There are few things that you should pay attention while dealing with GSM hopping:

Cavity tunable combiners can not be used for SY (Synthesizer) Hopping.SY hopping can be used only with hybrid combiners.

The hopping gain has its maximum at 8 frequencies (so - hopping list (MAL) longer than 8 frequencies is useless) this due to GSM interleaver which works over 8 frames.

The typical value for hopping with best possible reuse when you'll use 3-5 frequencies in the MAL.Once you have more than 3 TRXs per sector, then Baseband hopping become preferable over SY hopping.For 2 TRXs sector BB is also preferable over SY due to possibility to put almost all voice traffic in hopping even over 2 frequencies (it is still better than no hopping on BCCH TRX).

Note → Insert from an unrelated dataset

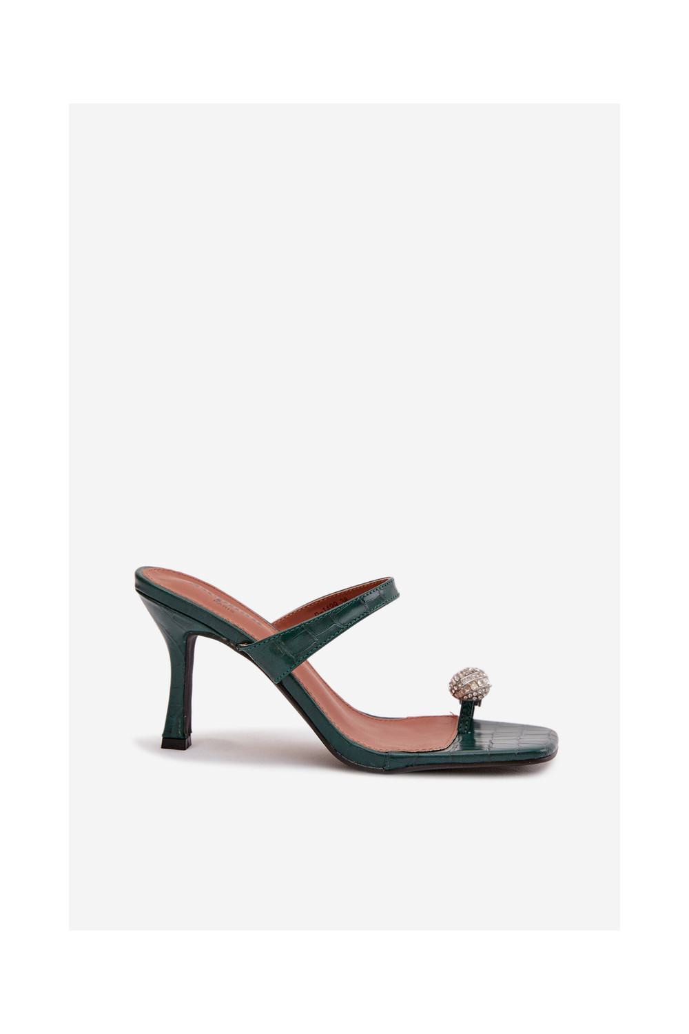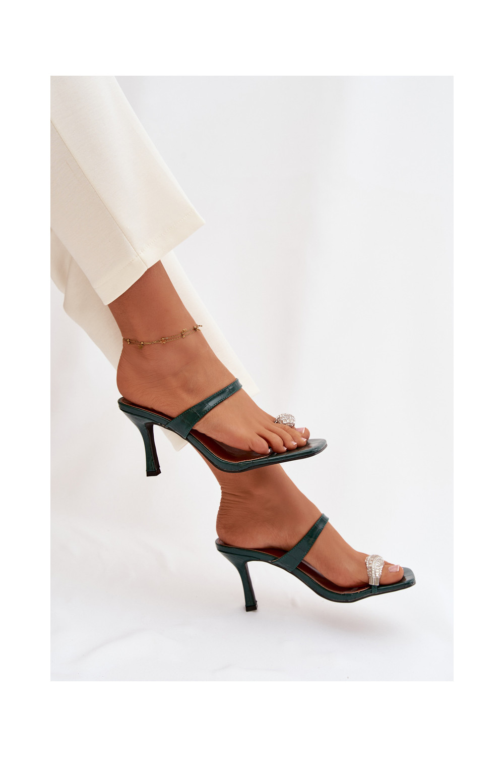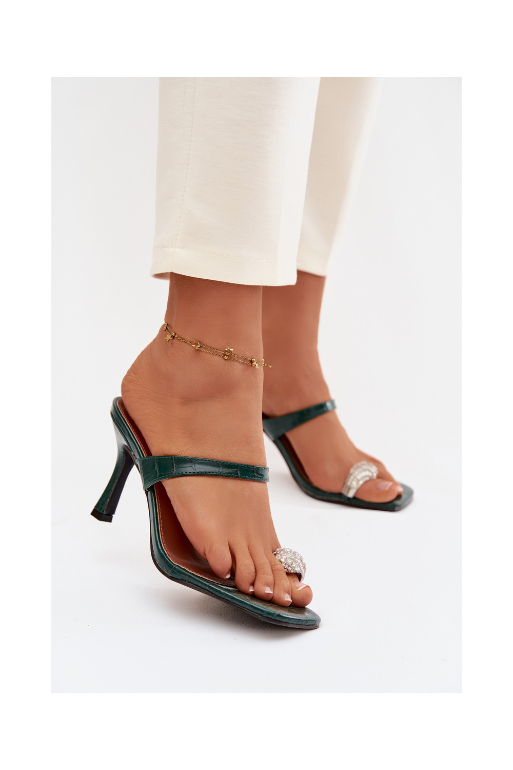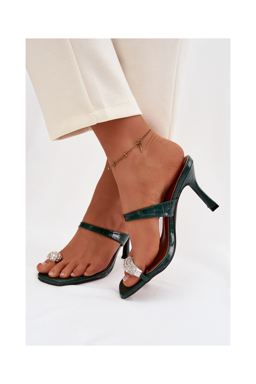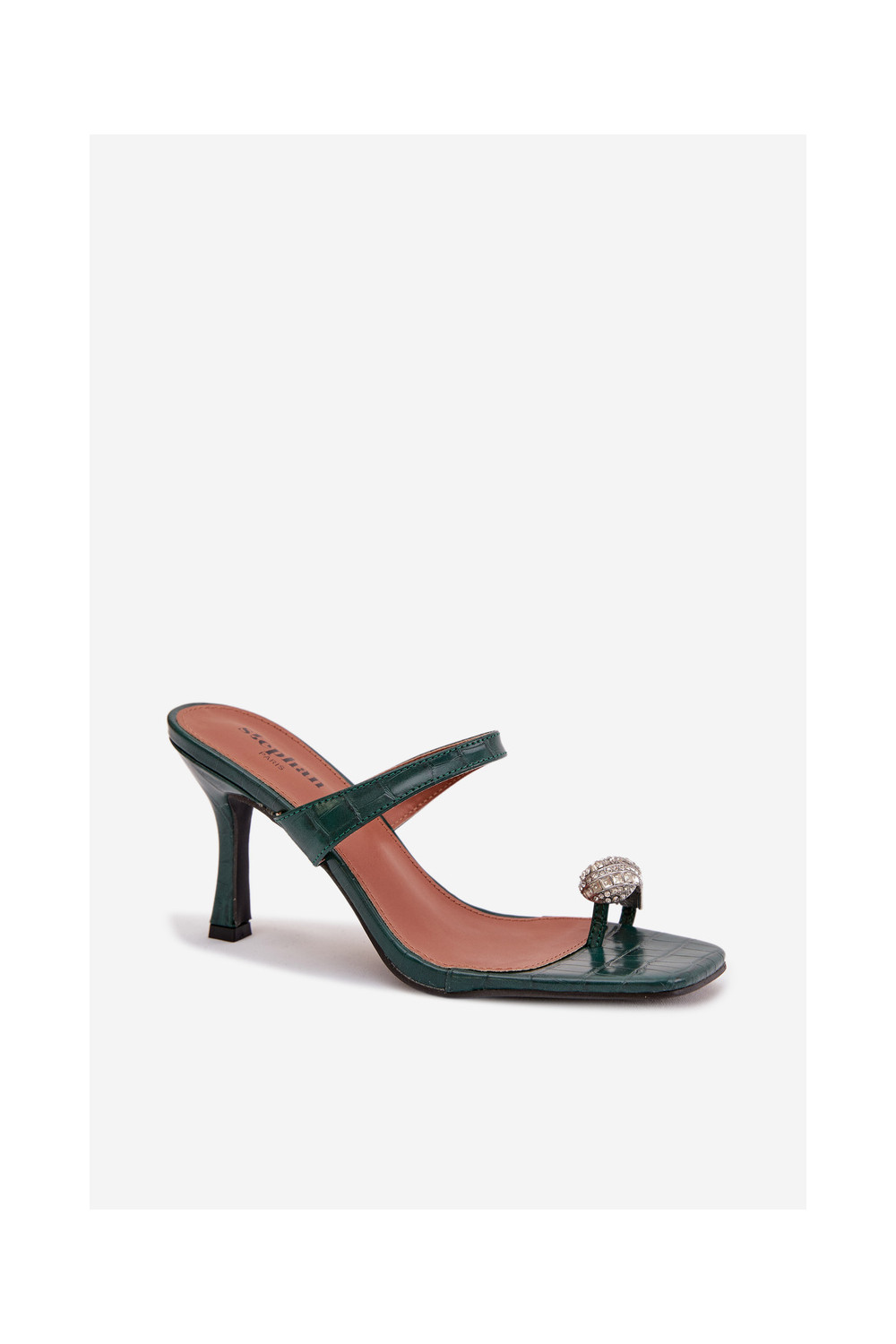 Sieviešu pudeles zaļas krāsas čības ar plāniem papēžiem un grezniem dekoriem Lorissa

Not all vendors are supporting BB hopping in case of GPRS.More than that once EDGE implemented, then BB hopping required that all TRXs within the cell will be EDGE capable.

Optim2010-08-16, 10:58 PM

Thanks:) Kindly can you explain in which cases I have to use SFH or BBH?In my knowledge we use BBH when we have less frequencies and less traffic! because in case of high cell configuration there is no enough of frequencies so we prefer to use SFH...plz correct me if I'm wrong:)

dacoder2010-08-17, 12:51 AM

thanks danikd for the explanation... but I didn't understand the RF and BB hopping part. I got lost especially in this part "... while all connections (SDCCH/TCH/PDCH) are remaining on their TRXs and timeslots within the TRXs." Could you please explain it in more detail?

danikd2010-08-17, 08:34 AM

thanks danikd for the explanation... but I didn't understand the RF and BB hopping part. I got lost especially in this part "... while all connections (SDCCH/TCH/PDCH) are remaining on their TRXs and timeslots within the TRXs." Could you please explain it in more detail?

It is pretty easy:

SY Hopping

Each connection (speech for example) assigned to specific TRX on specific timeslots (just for clarification TS on TRX called also Physical channel). Now the Frequency hopping performed by RF Synthesized in TRX by changing transmit/receive frequency every TDMA frame. In other words Physical channel always the same during the conversation. As result from MS point of view - every frame reception/transmission performed on different frequency.

BB Hopping:

TRX always transmitting the same frequency (it is a stable part), while every TDMA frame BTS processor switching connection from one TRX to another...in cyclic order (typically) i.e. Frame1 - TS2 on TRX1, Frame2 - TS2 on TRX2, Frame3 - TS2 on TRX3.....FrameX - TS2 on TRX1.....and etc.In other words, TRX frequency always the same, but no permanent allocation of Physical channel per conversation.As result from MS point of view - every frame reception/transmission performed on different frequency.

Just like this.

Optim2010-08-17, 10:45 AM

Thanks dankid, just other question: if I have network with most of cells with configuration 2trx by cell and intersite distance is 500m and total frequencies is 22 frequencies..is better to use SFH or BBH? Thanks

danikd2010-08-18, 09:00 PM

Thanks dankid, just other question: if I have network with most of cells with configuration 2trx by cell and intersite distance is 500m and total frequencies is 22 frequencies..is better to use SFH or BBH? Thanks

My personal experience telling me:

If you have good automatic frequency optimization tool, which is based on mobile measurements reports data, then optimize your frequency allocation and go for baseband hopping.

Do not forget, that 22 ARFCNs is a pretty small amount, hope your Cell Plan (Antenna pattern, Tilt) adjusted with respect to the frequency band available.